Смолоду, как рассказывают мемуаристы и как признавался сам Гумилев, он был очень некрасив, неуклюж, болезненно застенчив и скован — в это трудно поверить, настолько значительным, светящимся красотою и благородством стало лицо, глядящее на нас с поздних его фотографий, настолько единодушно изумление, с каким современники и в особенности современницы вспоминают и безупречную, "гвардейскую" выправку поэта, и его подчеркнутое "джентльменство" — весьма выразительное, иногда даже чуть-чуть смешное на фоне "пещерного" быта и "упрощенных" нравов времен военного коммунизма, террора, разрухи и голода.
В гимназиях — в том числе и в знаменитой Николаевской Царскосельской, директором которой был поэт Иннокентий Федорович Анненский, — Гумилев учился, говорят, плоховато, не закончил он курса ни Сорбонны, ни Петербургского университета — и в это тоже трудно поверить, настолько не похож на недоучку автор классических "Писем о русской поэзии", блистательный переводчик, историк и теоретик искусства, знаток не только европейской, но и африканской, но и восточной культур.
Для него словно бы не существовало несбыточное.

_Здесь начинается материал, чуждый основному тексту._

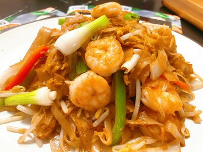 Wok fried flat-rice noodles with eggs, spring onion, beansprout, pepper, carrot, onion and tamarind sauce, garnished with peanuts, lime .

Ему — так, во всяком случае, кажется — в принципе была неведома не преступаемая обычно простыми смертными грань между мечтой и ее претворением в жизнь, намереньем и поступком, сладкой романтической грезой и явью.
Он увлекся поэзией — и еще гимназистом выпустил первый свой стихотворный сборник. Решил повидать мир — и не только прожил юношей два года в Париже, что было по тем временам делом сравнительно заурядным, но еще и тайком, в пароходном трюме, совершил свое первое путешествие в куда более загадочную и куда более опасную, чем нынче, Африку. Полюбил — и, что было совсем не просто, добился руки Анны Андреевны Горенко, прославившейся вскоре под именем Анны Ахматовой. Включился в активную литературную деятельность — и на руинах символизма создал новое поэтическое направление, освятил его манифестами, назвал его акмеизмом, учредил Цех Поэтов, став его признанным руководителем — "синдиком". Откликнулся на начало первой мировой войны — и отнюдь не только стихами: Гумилев, едва ли не единственный из русских писателей, тут же, 24 августа 1914 года, записался добровольцем в Действующую армию. Как воевал? Так, что "святой Георгии тронул дважды Пулею нетронутую грудь", и эти два солдатских Георгиевских креста за первые пятнадцать месяцев войны говорят о многом...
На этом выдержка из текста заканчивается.